Classical Feedback Control describes design and implementation of high-performance feedback controllers for engineering systems. The book emphasizes the frequency-domain approach which is widely used in practical engineering. It presents frequency-domain design methods for high-order SISO and MIMO, linear and nonlinear, analog and digital control systems.

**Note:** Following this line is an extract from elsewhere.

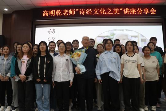 开展“诗经文化之美”讲座目的在于通过感悟诗经之美和文化之脉树立青年学子的文化自信,引导学生树立正确的审美观念,陶冶高尚的道德情操、塑造美好心灵。讲座伊始,高明乾老师询问同学们是否读过《诗经》,得到了现场热烈的反应。接着高老师围绕《诗经》的教化作用、精神内涵和思想内涵展开,以文学和历史为载体,深入挖掘了其背后的思想文化价值,描绘出了一幅历史与神话交织的沧桑壮观的人文盛景。令人耳目一新的是,高老师从自然美的角度,详细介绍了《诗经》中的鸟兽草木及其背后诗意所在。在近两个小时的讲解之后,高明乾老师以深刻的人生感悟作结,告诫青年要有强烈的报国心和无私的奉献精神,并以此为动力努力实现自我的人生价值。

Modern technology allows implementation of high-performance controllers at a very low cost. Conversely, several analysis tools which were previously considered an inherent part of control system courses limit the design to low-order (and therefore low-performance) compensators. Among these are the root-locus method, the detection of right-sided polynomial roots using the Routh-Hurwitz criterion, and manual calculations using the Laplace and Fourier transforms. These methods have been rendered obsolete by computers and are granted only a brief treatment in the book, making room for loop shaping, Bode integrals, structural simulation of complex systems, multiloop systems, and nonlinear controllers, all of which are essential for good design practice.

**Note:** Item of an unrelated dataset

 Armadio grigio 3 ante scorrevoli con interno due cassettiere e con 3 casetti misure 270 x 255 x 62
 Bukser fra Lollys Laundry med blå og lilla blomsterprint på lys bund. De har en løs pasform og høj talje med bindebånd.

In the design philosophy adopted by Classical Feedback Control, Bode integral relations play a key role. The integrals are employed to estimate the available system performance and to determine the frequency responses which maximize the disturbance rejection and the feedback bandwidth. This ability to quickly estimate the attainable performance is critical for system-level trades in the design of complex engineering systems, of which the controller is one of many subsystems. Only at the final design stage and only for the finally selected option of the system configuration do the compensators need to be designed in detail, by approximation of the already found optimal frequency responses.

Nonlinear dynamic compensation is employed to provide global and process stability, and to improve transient responses. The nearly-optimal high-order compensators are then economically implemented using analog and digital technology.

The first six chapters support a one-semester course in linear control. The rest of the book considers the issues of complex system simulation, robustness, global stability, and nonlinear control.

It was the authors' intention to make Classical Feedback Control not only a textbook but also a reference for students as they become engineers, enabling them to design high-performance controllers and easing the transition from school to the competitive industrial environment. The methods described in this book were used by the authors and their colleagues as the major design tools for feedback loops of aerospace and telecommunication systems.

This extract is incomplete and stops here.